If you have played around with USMT a bit you may have noticed that both Scanstate and Loadstate require that StorePath (the path provided on the command line to where you'd like the migration store placed) be simply a path.  However, when creating a compressed migration store (the default behavior) Scanstate places the .mig migration store in a subdirectory of StorePath.  For example, if run the following command:

Scanstate c:\test_store [... lots of other switches]

When complete, my directory structure will be as follows:

Directory of C:\test_store\USMT3

03:19 PM    <DIR>          .
03:19 PM    <DIR>          ..
03:20 PM         7,833,045 USMT3.MIG
               1 File(s)      7,833,045 bytes
               2 Dir(s)
 

More curiously, Loadstate also expects that StorePath be simply a path to a top level directory -- in fact the same path that was provided to Scanstate.  So, in the above example, my Loadstate command line will need to look like:

Loadstate c:\test_store [... lots of other switches]

It can't look like:

Loadstate c:\test_store\USMT3\USMT3.MIG [... lots of other switches]

(this will produce an error regarding StorePath being invalid)

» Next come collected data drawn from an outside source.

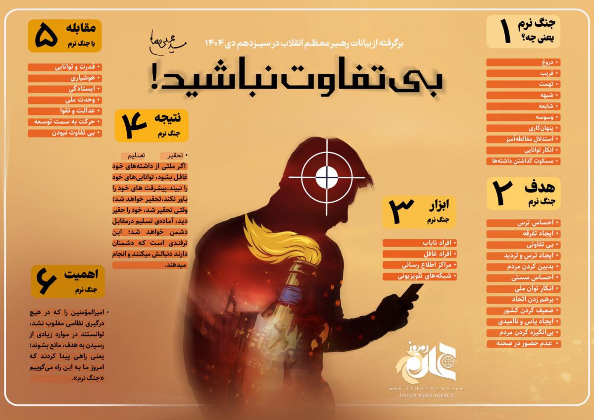رهبر انقلاب: امیرالمؤمنین را که در هیچ درگیری نظامی مغلوب نشد، توانستند در موارد زیادی از رسیدن به هدف، مانع بشوند؛ یعنی راهی پیدا کردند که امروز ما به این راه میگوییم «جنگ نرم».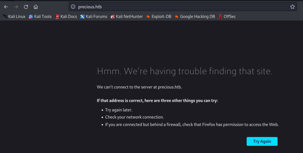 Ao tentar acessar o site na porta 80 através do navegador, fui redirecionado para o dns precious.htb.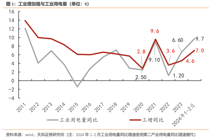 2023年工业增加值增速4.6%,低于工业用电量增速6.6%。2024年1-2月工业增加值增速7%,与第二产业用电量增速9.7%进一步拉开差距(注:统计局只公布了今年1-2月第二产业用电量增速,其与工业用电量增速平均差距小于0.2个百分点)。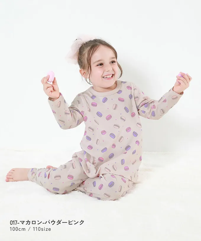 日本 devirock - 100%棉 高腰長袖家居服套裝(女孩款)-冰淇淋-杏x藍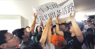 昨天上午11點(diǎn),300余名國(guó)安球迷涌入國(guó)安足球俱樂部?jī)?nèi)短短二三十米長(zhǎng)的通道,他們高舉著“黃牛大哥,給我們留條活路”的標(biāo)語(yǔ),情緒十分激動(dòng),抗議“黃!眽艛嚅T票,要求俱樂部保障球迷的利益。由于人數(shù)眾多,現(xiàn)場(chǎng)的暖氣片也被球迷擠壞,暖氣管道里的水灑了一地,廢棄的飲料瓶等雜物也隨處可見。陸續(xù)有數(shù)名民警趕到現(xiàn)場(chǎng)維持秩序,防止球迷出現(xiàn)過激行為。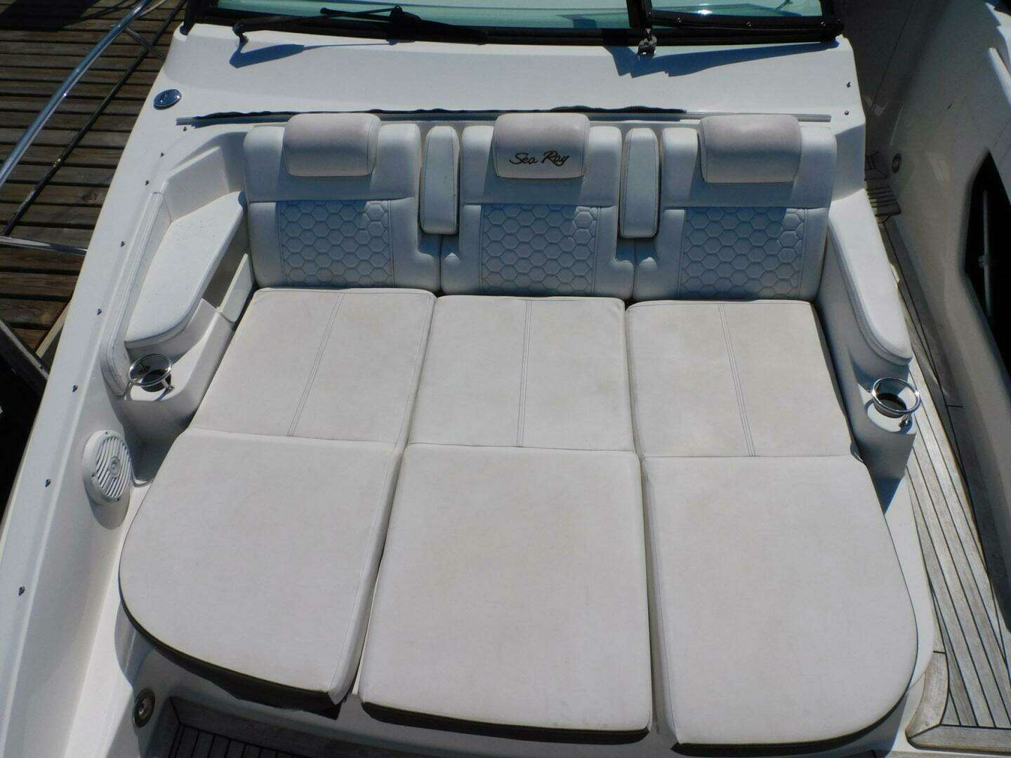 The 2018 - 32' Sea Ray Sundancer is perfect for an overnight getaway or daytime cruising in total comfort. The cockpit allows for effortless entertaining with never-ending views. Complete with wet bar, grill, and retracting canvas sunroof. Combining the values of a cruiser and a bowlder in one package. With her Kohler generator and air conditioning, she is a go-anywhere boat. Simrad electronics make navigating simple and safe from coastal Florida waters to the Bahamas.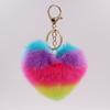 15x10cm Colorful Key Chain For Women Fashion Gifts Fur Keychain Fluffy Faux Rabbit Key Chain Keyring Car Bag Heart Pendant

Why doesn't Scanstate or Loadstate allow you skip this forced directory hierarchy and directly handle the .mig file?  The reason is simple but subtle.  As discussed in a previous post, USMT allows two different kinds of migration stores.  The first is the compressed migration store covered above, and the second is the uncompressed migration store.  Lets come back to this question after we look at the directory structure of an uncompressed migration store.  If we run the following command:

Scanstate c:\test_store_unc /nocompress [... lots of other switches]

We get something like this:

Directory of C:\test_store_unc\USMT3

03:46 PM    <DIR>          .
03:46 PM    <DIR>          ..
03:44 PM        36,357,347 catalog.mig
03:44 PM         2,156,848 MIGSTATE.DAT
03:46 PM                 0 status.~lg
               3 File(s)     38,514,195 bytes
               2 Dir(s)
 

By requiring that StorePath be the top level directory we can essentially abstract away the need to specify different paths to different file formats for our different migration store formats.  As we can see above, regardless of whether or not I have created a .mig file or both a .dat and .mig file, all I need to know is the top level directory.